Entries provided:
——

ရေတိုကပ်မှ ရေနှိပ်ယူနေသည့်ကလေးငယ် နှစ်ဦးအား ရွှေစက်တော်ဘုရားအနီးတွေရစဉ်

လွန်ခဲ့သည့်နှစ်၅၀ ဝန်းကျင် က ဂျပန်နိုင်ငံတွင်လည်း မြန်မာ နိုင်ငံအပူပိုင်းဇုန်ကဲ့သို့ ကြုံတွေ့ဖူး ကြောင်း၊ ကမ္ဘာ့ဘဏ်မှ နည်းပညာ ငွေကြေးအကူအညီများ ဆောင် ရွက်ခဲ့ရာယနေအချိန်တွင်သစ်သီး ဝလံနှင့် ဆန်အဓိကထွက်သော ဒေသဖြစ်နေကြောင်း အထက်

——

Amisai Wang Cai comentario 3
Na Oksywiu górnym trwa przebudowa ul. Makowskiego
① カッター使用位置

——

The problem: Find the line with "ရေတိုကပ်မှ ရေနှိပ်ယူနေသည့်ကလေးငယ် နှစ်ဦးအား" in the entries above. Retype it and each line after it, exactly, through the line with "လွန်ခဲ့သည့်နှစ်၅၀ ဝန်းကျင် က", and stop there.

Response box:
ရေတိုကပ်မှ ရေနှိပ်ယူနေသည့်ကလေးငယ် နှစ်ဦးအား ရွှေစက်တော်ဘုရားအနီးတွေရစဉ်

လွန်ခဲ့သည့်နှစ်၅၀ ဝန်းကျင် က ဂျပန်နိုင်ငံတွင်လည်း မြန်မာ နိုင်ငံအပူပိုင်းဇုန်ကဲ့သို့ ကြုံတွေ့ဖူး ကြောင်း၊ ကမ္ဘာ့ဘဏ်မှ နည်းပညာ ငွေကြေးအကူအညီများ ဆောင် ရွက်ခဲ့ရာယနေအချိန်တွင်သစ်သီး ဝလံနှင့် ဆန်အဓိကထွက်သော ဒေသဖြစ်နေကြောင်း အထက်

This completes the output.